El payés es sobrio, paciente, perseverante y, por lo general, no se ve devorado por la ambición ni cae en banalidades. Pero hay algo más importante. El payés es depositario de un ancestral legado de conocimientos que se manifiesta en un saber hacer y en una sensibilidad que incomprensiblemente no registramos. Y para comprobarlo basta responder a una pregunta: ¿Son los reconocidos valores estéticos de la arquitectura rural ibicenca resultado de la casualidad? Está claro que no. Porque lejos de ser puntuales o esporádicos, los encontramos en todas las casas. Y es así porque todas ellas siguen los parámetros tradicionales descritos mil veces -horizontalidad, simplicidad, proporción, etc-, y consolidados en una experiencia colectiva y secular. El más es menos que creyó inventar el minimalismo ya lo aplicó con sentido común nuestro payés que en su casa sólo tenía lo estrictamente necesario. Y el resultado, sin embargo, es una construcción equilibrada, sencilla, armoniosa y con un afincamiento tan respetuoso que crea paisaje. Y si nos fijamos en los detalles -en las texturas de sus muros y de sus pertinaces encalados, en el despuntado de los vértices y el discreto achaflanado de las aristas que suaviza las planimetrías, en los airosos huecos porticados, en la utilización de esos desnudos troncos de sabina que en sus tersas nervaduras parecen los brazos de un gigante, en esa teja que sirve de desagüe, en ese banco de obra que recorre el porxo, en esa concavidad del muro en la que los cántaros quedan encastrados, en la enorme chimenea que recoge a la familia en los inviernos, en la singular cúpula del horno que le da a la casa un aire oriental, en los precisos sillares de la torre predial, en las preciosas capillas que protegen los pozos y en esa otra maravilla que son las iglesias fortificadas-, si nos fijamos, en fin, en todo ello, concluimos que estamos frente a una arquitectura que es bella a rabiar. Pero la afinada sensibilidad del payés no sólo está en su singular edilicia, la descubrimos también en sus glosas, en la indumentaria femenina, en la increíble joyería de las emprendades, en los instrumentos de su folclore, en sus músicas y en sus enigmáticas danzas, en el ingenio de sus gloses y xacotes, en sus rondalles y en su artesanía: Hausmann ya vio las humildes sillas con asiento de enea como obras de arte y yo mismo he colgado en una pared de mi casa, junto a dos bellísimos lienzos de Ferrer Guasch, un par de alpargatas que no desmerecen.

Legado cultural milenario

Si una cosa está clara es que nuestros payeses son depositarios de un legado cultural milenario que retiene la esencia de esa mediterraneidad que suma lo que nos han dejado muchos pueblos, púnicos, griegos, romanos, árabes y catalanes. Todo un mundo, sin embargo, que la globalización va diluyendo en un imparable uniformismo, pero que, en la medida que podamos, debemos salvar. Sin culpabilizar a nadie porque de nada sirve a toro pasado.

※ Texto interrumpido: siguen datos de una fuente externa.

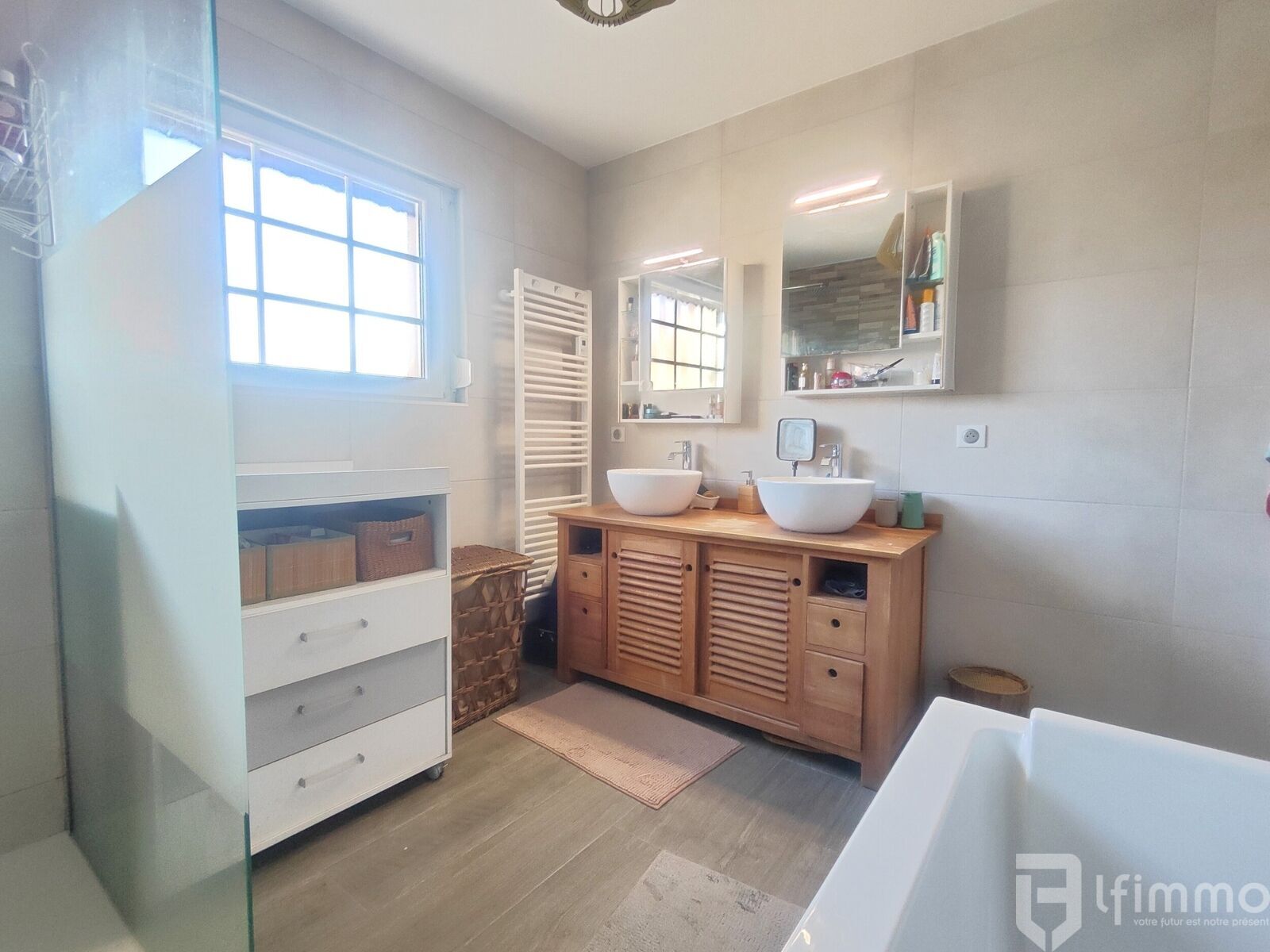 - Une salle de bain moderne avec double vasque, grande douche et baignoire.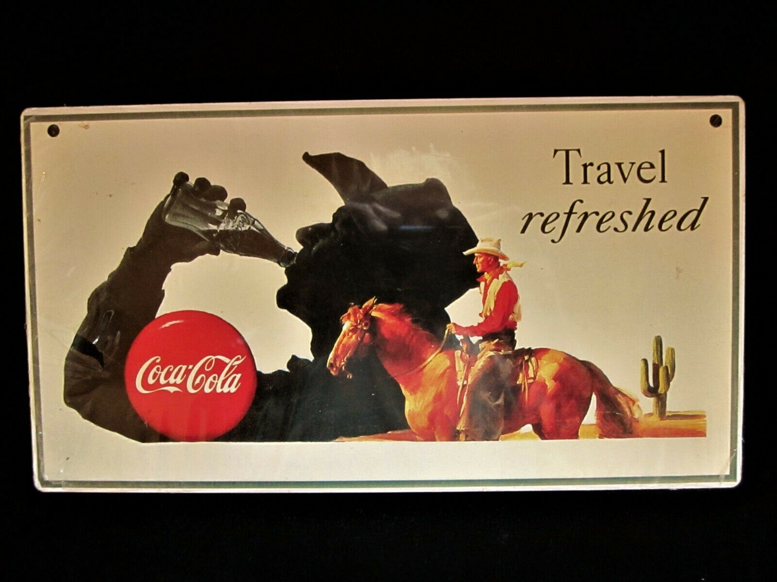 Title (ebay affiliate link): Coke / Coca Cola Tin Sign Travel Refreshed - 10" x 5 1/2"

Josep Pla, que conocía bien el talante del payés y la mutación que ha sufrido su vida, explica así la situación: «Tothom parla avui de la crisi moral que travessem com si fos una cosa voluntaria i deliberada. I no és així. Ens hem trobat, simplement, devant d´una situación objectiva que tal vegada era impossible d´eludir. I de la necessitat, com a les tragèdies, n´hem hagut de fer llei. Ens hem vist transformats en qui no érem. D´altra manera, com hauríem pogut menjar i viure? En certa manera, hem devingut desaprensius involuntaris, posats en moviment per un mecanisme extrínsec. N´hi ha hagut, és clar, de molt actius. I ara n´hi ha més que mai». Dicho esto, solo nos queda la posibilidad y la obligación de defender lo que todavía retenemos de aquel Viejo Saber con uñas y dientes.